[Available records]:
------------------------

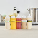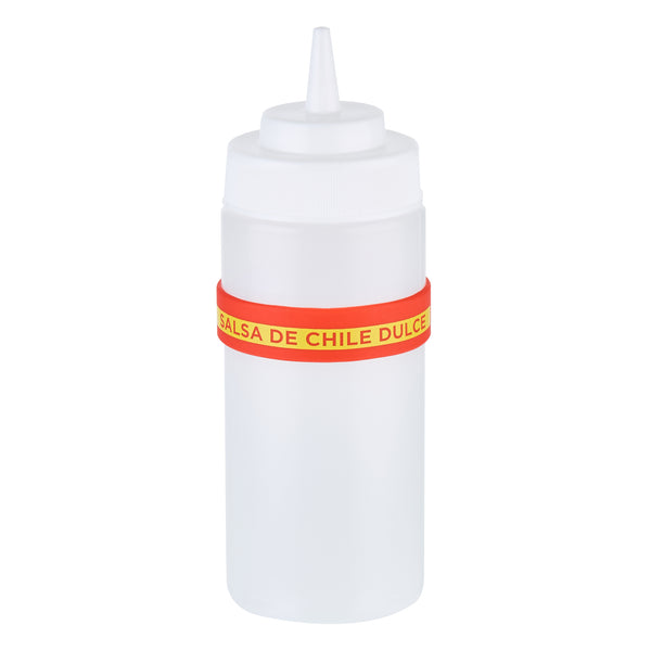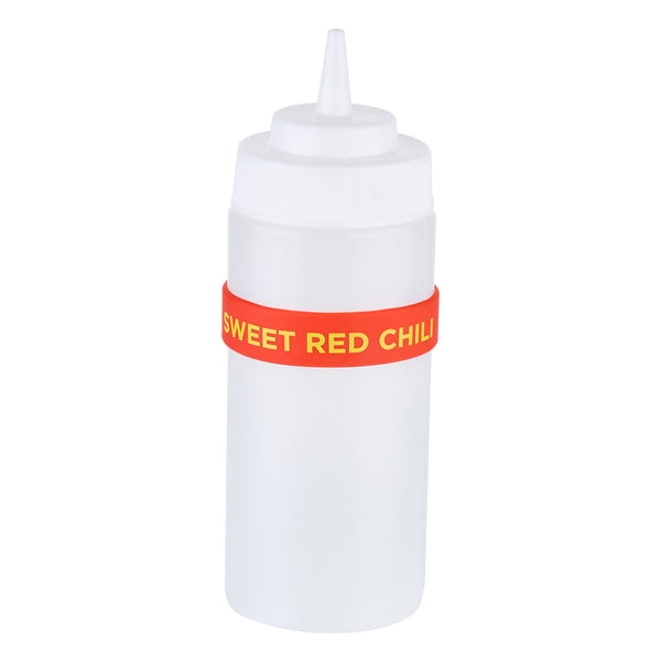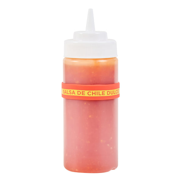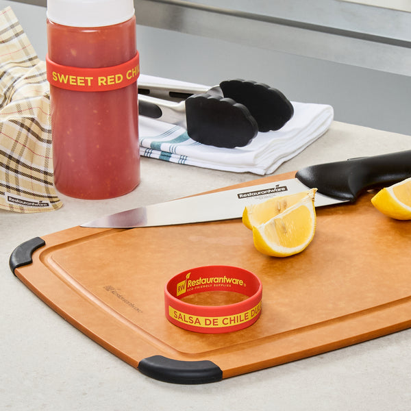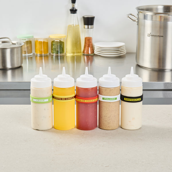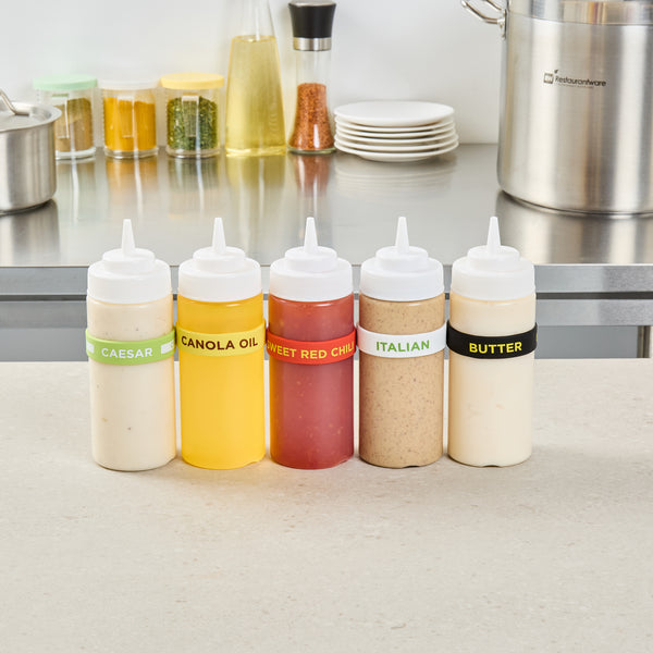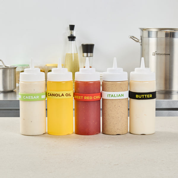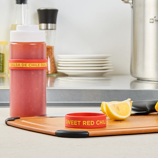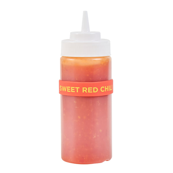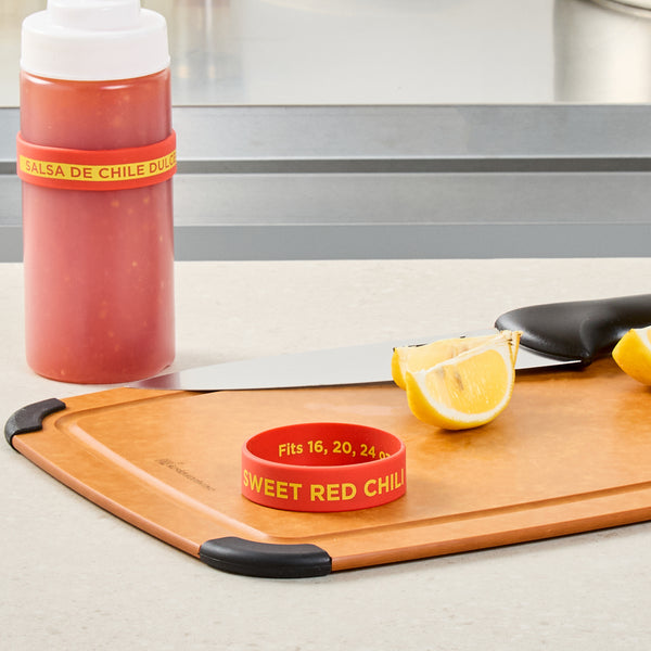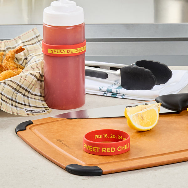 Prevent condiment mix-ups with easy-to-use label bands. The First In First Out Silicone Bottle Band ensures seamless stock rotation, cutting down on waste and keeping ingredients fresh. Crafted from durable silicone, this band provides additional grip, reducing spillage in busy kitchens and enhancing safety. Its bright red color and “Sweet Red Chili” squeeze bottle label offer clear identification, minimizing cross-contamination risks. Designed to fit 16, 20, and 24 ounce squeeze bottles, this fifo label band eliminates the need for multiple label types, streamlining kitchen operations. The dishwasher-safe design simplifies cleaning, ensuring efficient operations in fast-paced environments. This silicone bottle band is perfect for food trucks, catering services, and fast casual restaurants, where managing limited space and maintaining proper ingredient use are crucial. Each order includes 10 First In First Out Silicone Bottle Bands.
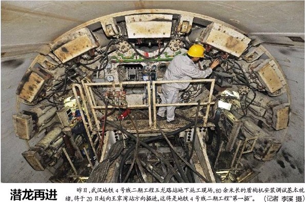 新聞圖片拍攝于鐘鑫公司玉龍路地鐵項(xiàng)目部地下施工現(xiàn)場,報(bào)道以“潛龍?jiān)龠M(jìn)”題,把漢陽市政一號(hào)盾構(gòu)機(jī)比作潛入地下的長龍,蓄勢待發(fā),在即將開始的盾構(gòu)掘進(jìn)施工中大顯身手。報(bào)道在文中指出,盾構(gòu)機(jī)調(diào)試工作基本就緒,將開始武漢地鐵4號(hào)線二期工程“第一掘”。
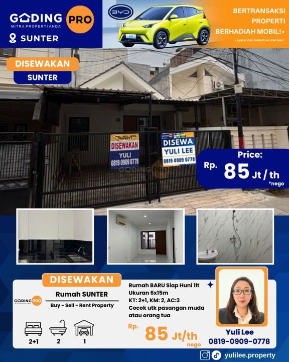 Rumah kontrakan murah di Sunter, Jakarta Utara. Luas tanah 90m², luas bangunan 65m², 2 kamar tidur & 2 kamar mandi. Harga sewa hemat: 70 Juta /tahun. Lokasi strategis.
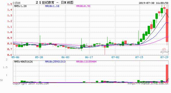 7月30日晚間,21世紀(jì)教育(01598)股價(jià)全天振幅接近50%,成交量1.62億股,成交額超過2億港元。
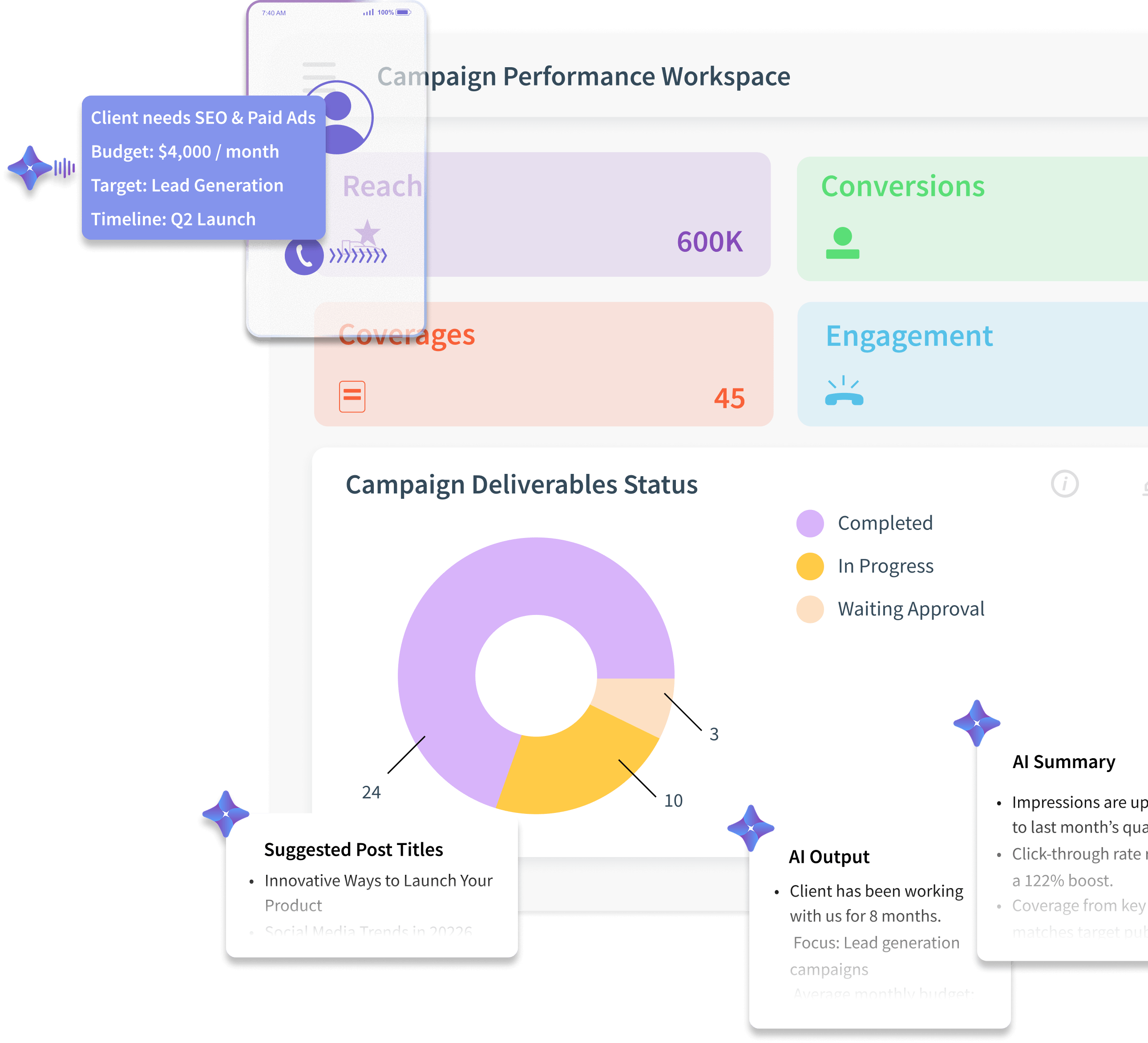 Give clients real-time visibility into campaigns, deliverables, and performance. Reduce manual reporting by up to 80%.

------------------------

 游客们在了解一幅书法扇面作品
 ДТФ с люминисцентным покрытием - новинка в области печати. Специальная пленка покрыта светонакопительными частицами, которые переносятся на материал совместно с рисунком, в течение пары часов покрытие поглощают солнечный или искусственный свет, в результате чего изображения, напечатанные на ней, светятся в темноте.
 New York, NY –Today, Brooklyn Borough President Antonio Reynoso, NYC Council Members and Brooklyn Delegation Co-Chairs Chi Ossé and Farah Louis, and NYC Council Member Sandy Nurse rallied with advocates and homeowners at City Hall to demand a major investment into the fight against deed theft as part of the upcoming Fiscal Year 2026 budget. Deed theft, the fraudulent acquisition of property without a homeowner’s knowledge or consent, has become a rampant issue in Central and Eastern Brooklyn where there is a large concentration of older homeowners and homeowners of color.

------------------------

[Problem description]:
Everything above from the line containing "7月30日晚間,21世紀(j" down to the line containing "Give clients real-time" is to be duplicated exactly, both lines included, and the pictures are to be omitted.

[Finished exercise]:
 7月30日晚間,21世紀(jì)教育(01598)股價(jià)全天振幅接近50%,成交量1.62億股,成交額超過2億港元。
 Give clients real-time visibility into campaigns, deliverables, and performance. Reduce manual reporting by up to 80%.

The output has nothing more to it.